Template factorial function without template specialization

The problem is that f<N>() always instantiates f<N-1>() whether that if branch is taken or not. Unless properly terminated, that would create infinite recursion at compile time (i.e. it would attempt instantiating F<0>, then f<-1>, then f<-2> and so on).
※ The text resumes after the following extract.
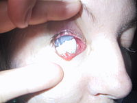 Madziu, a nie prościej iść na jakiś dyżur okulistyczny, czy nawet chirurgiczny? Sama się za to nie bierz, bo możesz zrobić jeszcze gorzej, niż jest.

Obviously you should terminate that recursion somehow.

Apart from constexpr solution and specialization suggested by NathanOliver, you may terminate the recursion explicitly:

template <int N>
inline int f()
{
    if (N <= 1)
        return 1;
    return N * f<(N <= 1) ? N : N - 1>();
}

Mind, this solution is rather poor (the same terminal condition must be repeated twice), I'm writing this answer merely to show that there are always more ways to solve the problem :- )

The issue here is that your if statement is a run time construct. When you have

int f() {
  if (N == 1) return 1; // we exit the recursion at 1 instead of 0
  return N*f<N-1>();
}

the f<N-1> is instantiated as it may be called. Even though the if condition will stop it from calling f<0>, the compiler still has to instantiate it since it is part of the function. That means it instantiates f<4>, which instantiates f<3>, which instantiates f<2>, and on and on it will go forever.

The Pre C++17 way to stop this is to use a specialization for 0 which breaks that chain. Starting in C++17 with constexpr if, this is no longer needed. Using

int f() {
  if constexpr (N == 1) return 1; // we exit the recursion at 1 instead of 0
  else return N*f<N-1>();
}

guarantees that return N*f<N-1>(); won't even exist in the 1 case, so you don't keep going down the instantiation rabbit hole.